The Veterinary Medicines Directorate (VMD) has praised the efforts being taken by the pig industry to reduce its antibiotic usage.
Speaking at a conference on reducing antibiotics in farming hosted by Innovation for Agriculture, Paul Green (above), the VMD’s director of operations said the UK Government saw addressing antimicrobial resistance (AMR) as a ‘ key, key challenge’.
The Government’s latest national security risk assessment identified AMR as a ‘Tier 1 risk, up there with terrorism, climate change and global flu pandemics’, he said.
He explained how the Government’s antibiotic strategy aimed to address the risk of transmission of resistance from animals to humans and to preserve the veterinary antibiotics for the future. “It is only really with good stewardship that we will prevent more untreatable conditions,” he said.
Mr Green outlined the work being done through the Responsible Use of Medicines in Agriculture (RUMA) Targets Task Force in setting sector specific targets and said the poultry sector has been at the ‘vanguard of good stewardship’ for many years before praising the pig sector’s recent progress.
“The pig sector has also been very active,” he said. “The electronic medicine book, which the latest figures show now has 70% coverage of the national herd, was launched last year and was followed up by the (NPA’s) antibiotic stewardship strategy. Data from the pig sector show there have been dramatic falls in the use of Colistin and quite sharp falls in the use of antibiotics in feed for young pigs.”
He stressed, however, that more needs to be done across the livestock sectors and urged farmers and vets to ‘talk to each other about antibiotic use, farm health planning, biosecurity and disease prevention’.
He added that the 50mg/kg livestock industry-wide target for antibiotic usage, which the industry is on course to meet, was ‘just the start’, ahead of sector-wide targets to be announced in October. “My own view is that we have quite a way to go,” he said.
Brilliant progress
NPA senior policy advisor Georgina Crayford (left) told the audience of farmers and animal health experts gathered at the event in Stoneleigh, Warwickshire, that the pig industry was ‘really proud’ of the ‘brilliant progress’ made over the past year or so in rising to the antibiotic challenge.
On top of the 70% coverage under eMB-Pigs, the 70% reductions in Colistin use and the halving of antibiotics in piglet feed, Dr Crayford also highlighted Pig Veterinary Society prescribing principles ensuring that Critically Important Antibiotics are used only as a drug of last resort in pigs.
Overall pig industry usage is believed to have fallen significantly in 2016 and the first half of 2017. But she acknowledged that the pig industry, the highest using sector despite representing only 10% of livestock biomass, faced some ‘inherent challenges’ in addressing its antibiotic usage.
“Further progress is achievable but it might not be as quick as some people were hoping,” she said.
She highlighted the need to stimulate greater awareness among farmers about the need to act to protect the use of antibiotics for their own pigs’ health and public health as well’.
She added: “There has also been a distinct lack of investment in the pig industry, which means farmers have just not been able to modernise their systems and move away from habitual prophylactic use of antibiotics. But those challenging discussions between farmers and vets are now starting to happen.”

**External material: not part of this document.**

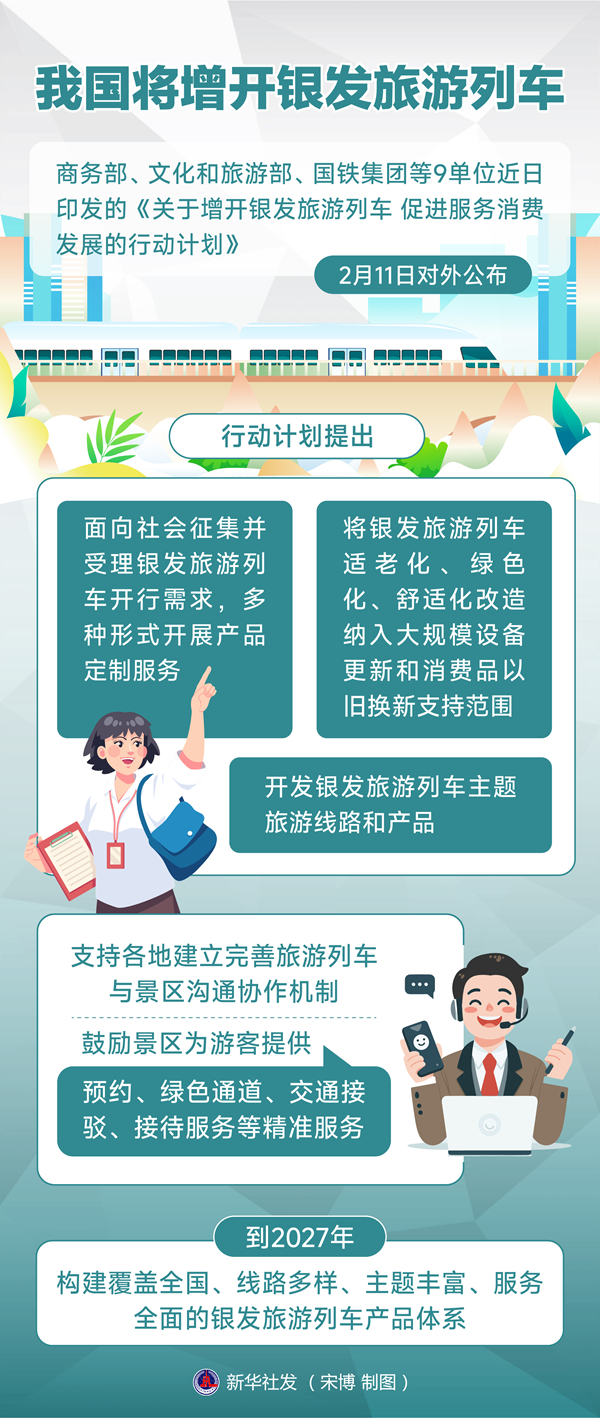 行動計劃提出,充分發(fā)揮我國鐵路網(wǎng)絡(luò)化運營和安全、舒適、便捷優(yōu)勢,健全旅游列車市場化開行服務(wù)保障機制,鼓勵和支持各類社會資本參與銀發(fā)旅游列車投資和運營,擴大服務(wù)供給,積極培育服務(wù)消費新增長點,更好滿足銀發(fā)群體旅游服務(wù)需求。到2027年,構(gòu)建覆蓋全國、線路多樣、主題豐富、服務(wù)全面的銀發(fā)旅游列車產(chǎn)品體系。

“But we will need time – reductions are not going to happen overnight. We need this attitudinal shift among producers and we need support from retailers and processors. They must not make antibiotics a competitive issue.”
Intensive farming link?
Dr Crayford also refuted the suggestion from Coilin Nunan (left), of the Alliance to Save our Antibiotics, of a link between intensive farming systems and higher antibiotic usage.
Calling for ‘urgent action to reduce farm antibiotic use’, including a ban on preventative treatments and limits on CIAs, he said: “Antibiotic use can be significantly reduced without changing farming methods, but even lower levels can be achieved in organic and other extensive farming systems.”
But Dr Crayford said equating production systems with antibiotic use was ‘far too simplistic’. “There is much wider context. Pig producers are running a business and they need to produce at a price point the consumer is willing to pay for.”
She also pointed out that high-tech, hygienic modern pig buildings can support reductions in antibiotic usage, as has been the case in Denmark and Holland, while high welfare straw system can sometimes be harder to keep free of infections.